Patti Smith : Horses

Depuis le bouillonnement créatif des années 60, le rock semble sans limite.
Les accords binaires autrefois prôné par Chuck Berry et autres Little Richard ne lui suffisent plus et, pour survivre, les groupes doivent innover.

Sous l’influence de king crimson , le rock c’est rapproché des musique plus écrites , comme le jazz ou la musique classique.
Dans le même temps, Dylan à électrifié sa musique, et ses parole plus mures changent la perception des textes de chansons rock.
A partir de la, le rock va attirer une multitude d’artistes, qui voit dans ce genre ultra populaire un moyen de ce faire connaitre.
Parmi ces œuvres, on retiendra particulièrement les pochettes de Roger Dean et Andy Warhol, ainsi que les films d’un Scorcese qui n’a jamais caché l’importance de cette musique dans son œuvre.

Venue de New York, Patti Smith est un autre exemple de ce rapprochement entre les artistes et les rockers.
Pour payer son loyer dans un petit hotel , ou cohabite morphinomanes et alcooliques , celle-ci vend les portrait qu’elle peint.

En parallèle, celle qui voue une véritable admiration à Rimbaud écrit des poèmes, et ce produit dans une église, ou elle lit ses écrits soutenue par un simple batteur.
1970 la voie entrer de plein pied dans la culture rock grâce au magazine cream , ou elle écrit des chroniques d’albums.
Ce job lui permet surtout de créer ses premiers liens avec la scène rock, qui la voie côtoyer Jimi Hendrix , Janis Joplin , et surtout le blue oyster cult, pour lequel elle écrit les paroles de quelques titres (carrer of evil , babie ice dog et fire of unknow origin).

Quelques semaine plus tard , la poétesse est rejoint par ce qui devient le rapidement le Patti Smith group, avant d’être repéré par John Cale , l’ex bassiste du velvet underground.
Horses sort en 1975 , et s’inscrit , avec les premières œuvre des stooges et des new york dolls , comme un des plus brillant précurseur du punk.

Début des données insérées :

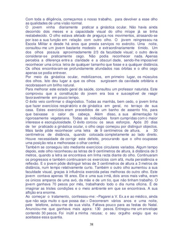 38. 38. 38 Com toda a diligência, começamos o nosso trabalho, para devolver a esse olho as qualidades de uma visão normal. O jovem vinha diariamente praticar a ginástica ocular. Não havia ainda decorrido dois meses e a capacidade visual do olho míope já se tinha restabelecido. O olho estava afetado de preguiça nos movimentos, atrasando-se por isso a sua função em relação com outro olho. O jovem reingressou na Escola Militar e desde há anos que presta serviços no exército. Uma noite, consultou-me um jovem bastante modesto e extraordinariamente tímido. Um dos olhos possuía aproximadamente 2/3 da faculdade visual; o outro devia considerar-se praticamente cego. Não podia reconhecer nada. Apenas percebia a diferença entre a claridade e a obscuri dade, sendo-lhe impossível reconhecer uma única letra de qualquer tamanho que fosse e a qualquer distância. Os olhos encontravam-se profundamente afundados nas órbitas e o olho cego apenas se podia entrever. Por meio da ginástica ocular, mobilizamos, em primeiro lugar, os músculos dos olhos. Isto deu lugar a que os olhos surgissem da cavidade orbitária e recobrassem um brilho natural. Para melhorar este estado geral da saúde, consultou um professor naturista. Este comprovou que a constituição do jovem era boa e susceptível de reagir favoravelmente em pouco tempo. O êxito veio confirmar o diagnóstico. Todas as manhãs, bem cedo, o jovem tinha que fazer exercícios respiratório e de ginástica em geral, no terraço de sua casa. Estes exercícios eram precedidos de um banho de assento frio, para que baixasse o calor da cabeça. Além disso, a sua alimentação foi rigorosamente vegetariana. Todas as indicações foram cumpridas com o maior interesse e escrupulosidade. O êxito coroou os seus esforços. Após 20 dias de ter praticado a ginástica ocular, o olho cego começou por distinguir objectos. Mais tarde pôde reconhecer uma letra de 9 centímetros de altura, a 30 centímetros de distância, quando colocada completamente ao lado direito. Houve necessidade de corrigir este defeito, procurando que o olho ocupasse uma posição reta e melhorasse o olhar central. Também se conseguiu isto mediante exercícios circulares variados. Algum tempo depois, este olho reconheceu as letras de 9 centímetros de altura, à distância de 3 metros, quando a letra se encontrava em linha recta diante do olho. Continuaram os progressos e também continuaram os exercícios com afã, muita persistência e reflexão. E o jovem pôde distinguir letras de 3 centímetros de altura a 3 metros de distância, num tempo relativamente curto. Também o outro olho aumentou a sua faculdade visual, graças à influência exercida pelas melhoras do outro olho. Este jovem contava apenas 18 anos. Ele e uma sua irmã, dois anos mais velha, eram os únicos amparos de uma avó, da mãe e de um tio, que não tinham trabalho. O jovem ganhava 70 pesos por mês, trabalhando todo o dia numa oficina. É de imaginar as tristes condições e o meio ambiente em que se encontrava. A sua aflição era enorme. Ao começar o tratamento, confessou-me: «Pagarei a V. Ex.a e ao médico, ainda que não seja muito o que possa dar.» Decorreram vários anos e uma noite, pele telefone, avisou-me de sua visita. Faltava pouco para as festas do Natal. Anunciou-me que ganhava mais agora: 130 pesos. Entregou-me um envelope contendo 30 pesos. Foi inútil a minha recusa; o seu orgulho exigiu que eu aceitasse essa quantia.

De son éducation chrétienne, la jeune Patti n’a gardé que quelques ambiances mystiques qui introduisent Gloria sur ces quelques lignes devenues cultes : « Jesus die for somebody’s sins but not mine ».
Le groupe dynamite ensuite ce morceau des them à grand coup de guitares proto punk, ou brille l’influence de groupes hard/blues comme les yardbirds.
De son coté, Patti Smith chante avec une hargne qui n’a rien à envier à Iggy Pop ou aux futures vociférations de Johnny Rotten.

Cette fougue permettra d’ailleurs au groupe de ce produire au CGBG, un haut lieux de la culture underground qui verra défiler les stooges , les ramones , Lou Reed et autres icones de la culture underground américaine.

Bien reçu par la critique à sa sortie, « horses » permet à Patti Smith rejoindre Dylan et Morrison dans le cercle fermé des poètes du rock, tout en annonçant la vague punk à venir.